I am getting the following error on over 30 different applications:

"Apoint.exe Bad Image

C:\PROGRA~1\Google\GOOGLE~3\GOEC62~1.DLL is either not designed to run on Windows or it contains an error. Try installing the program again using the
original installation media................etc".

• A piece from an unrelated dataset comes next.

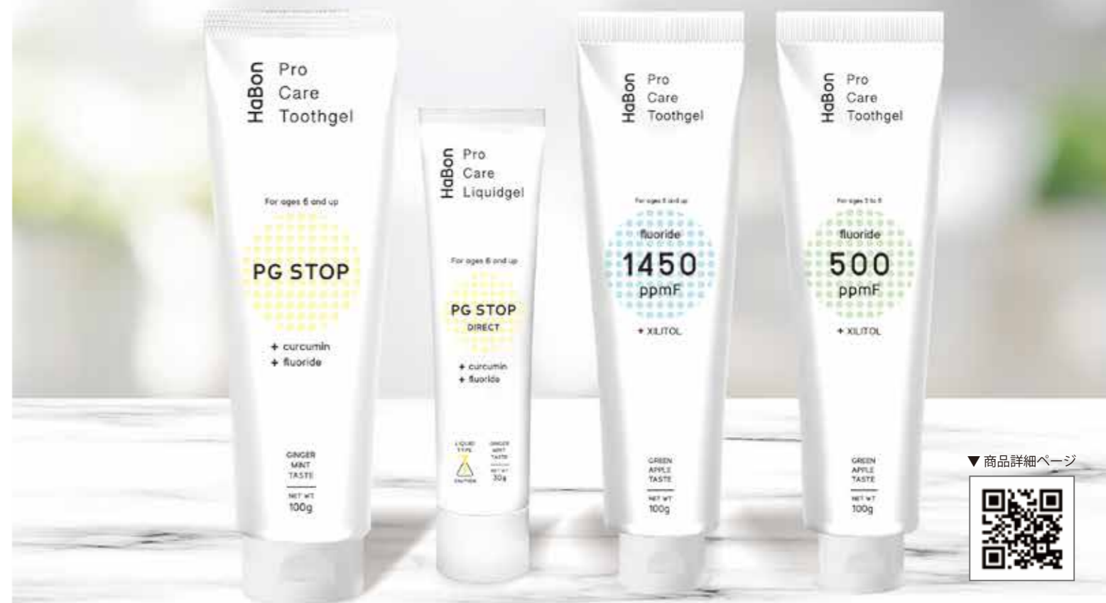
Pro Care ToothGel HaBon ラインナップ

My operating system is Windows Vista Home Premium
32-bit Operating System

Can anyone suggest a fix other than a system reinstall?
Thanks.


----------



## telwat (Jun 20, 2008)

*Re: Bad image DLL error message.*

Uninstall, then reinstall your touchpad drivers.


----------



## usasma (Apr 11, 2009)

*Re: Bad image DLL error message.*

Most times the GOEC62~1.DLL is related to the Google Desktop software. Uninstall it to see if that stops the error message. If it does, then download another copy, ensuring it's the correct version for your 32 bit OS.


----------



## Antony77 (Apr 16, 2009)

*Re: Bad image DLL error message.*

The fault is fixed. Google Earth and Google Desktop had to be removed.
Thanks for your help.


----------



## usasma (Apr 11, 2009)

*Re: Bad image DLL error message.*

Glad we could help out. Thanks for letting us know that it's resolved.


----------